この会社では既存の事業が続けてなくなったり、新しい事業がどんどん生まれたりしています。
この部長は本社にいたのに、全く 専門外の営業所に異動したのです。
実際に現場を回している下の人達は、何も知らない上司をバカにしています。
この場合、上司が心を病んでしまう場合もあるし、下の人達も上とのコミュニケーションがとれなくなると、仕事が行き詰まります。
要はコミュニケーションをとらないと、双方にとってよくないのです。私はエンジニアにはこう言います。

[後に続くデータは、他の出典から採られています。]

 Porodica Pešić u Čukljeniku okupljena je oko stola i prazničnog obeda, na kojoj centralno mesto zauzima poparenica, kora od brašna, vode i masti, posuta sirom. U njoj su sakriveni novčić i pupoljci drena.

「仕事ができてコミュニケーションをとらない人と、コミュニケーションだけをとって、仕事ができない人はよくいます。そういう意味では、あなたは本当に平凡な人間です」
このエンジニアはプライドが高いので、こう付け加えます。
「やはり、あなたぐらいのベテランでしっかりされている方であれば、ちゃんと上司とコミュニケーションをとって、いい報告をしていかないと。結局、会社のトップが部長をこのチームのリーダーに選んでいるわけですから。そこは上手くやらないと、次に飛ばされるのはあなたですよ」
意外に人間は、現場で力を持っていると、こうしたことがわからなくなるものです。
なんとなく「自分は大丈夫だろう」と思っているのですが、そんなはずはないのです。このエンジニアがチームのガンとなっているなら、会社のトップはあっさり配置換えをします。

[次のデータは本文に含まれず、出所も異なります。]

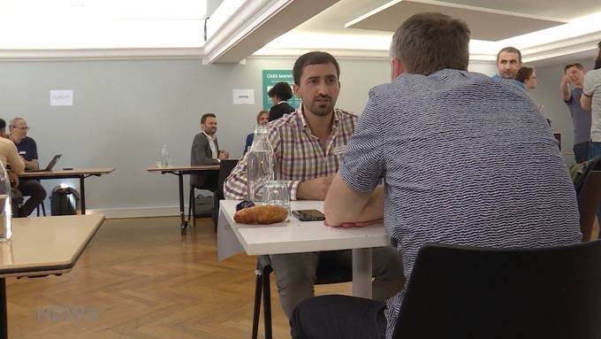 Speed-Dating mal anders: Anstatt dass sich zwei partnersuchende Menschen gegenüber sitzen, hocken Flüchtling und Post- oder Swisscom-Angestellter am Tisch. Innert 10 Minuten wird entschieden, ob eine Anstellung Sinn macht oder nicht.

「だったら、チームのためにコミュニケーションをよくしませんか。何度も言うようですが、上司の好きとか嫌いは関係ないんですよ」
結局、人の好き嫌いを言えるのは甘えなのです。
好き嫌いを言うのは仕事以外にする必要があります。
たとえば、会社の収益を支えている一番の取引先の社長は好きか、人格的に素晴らしいと思って付き合っているかといえば違うはずです。そこは我慢できるのに、社内の 人間と上手く付き合えないのは甘えなのです。
「じゃあ、仕事だから、心を殺して、割り切ってやれってことですよね」
こう言う人もよくいます。ただし、いくら嫌いな上司でも、一緒に住むわけでも結婚するわけでもないのです。
「あなたの結婚相手になるわけではないですよね。役割に対してのリスペクトは必要じゃないですか。お互いに言いたいことはあると思いますよ。でも、役割に対してのリスペクトがないと、結局チームは弱くなりますよ」
チームが結果を出さなければ、チームのメンバーは誰も評価されません。
メンバー全員が「チームが勝つために」「チームが結果を出すために」というスタンスでいることが大切です。
だから、好き嫌いは置いておいて、「あの上司はちょっとな」と思っても、上司を上手く使うことです。
チーム全員が「チームが強くなるために」と思えば、好き嫌いは越えられます。
これはプロとアマチュア、一流と二流の分かれ目になってくるところといえます。
日本代表チームの選手が「彼は嫌いだから、一緒に戦いたくない」とは言わないはずです。全員がチームの一員として、何をすればチームに貢献できるのかを考えて、チームが勝つ、結果を 出すというところに意識を向けていきましょう。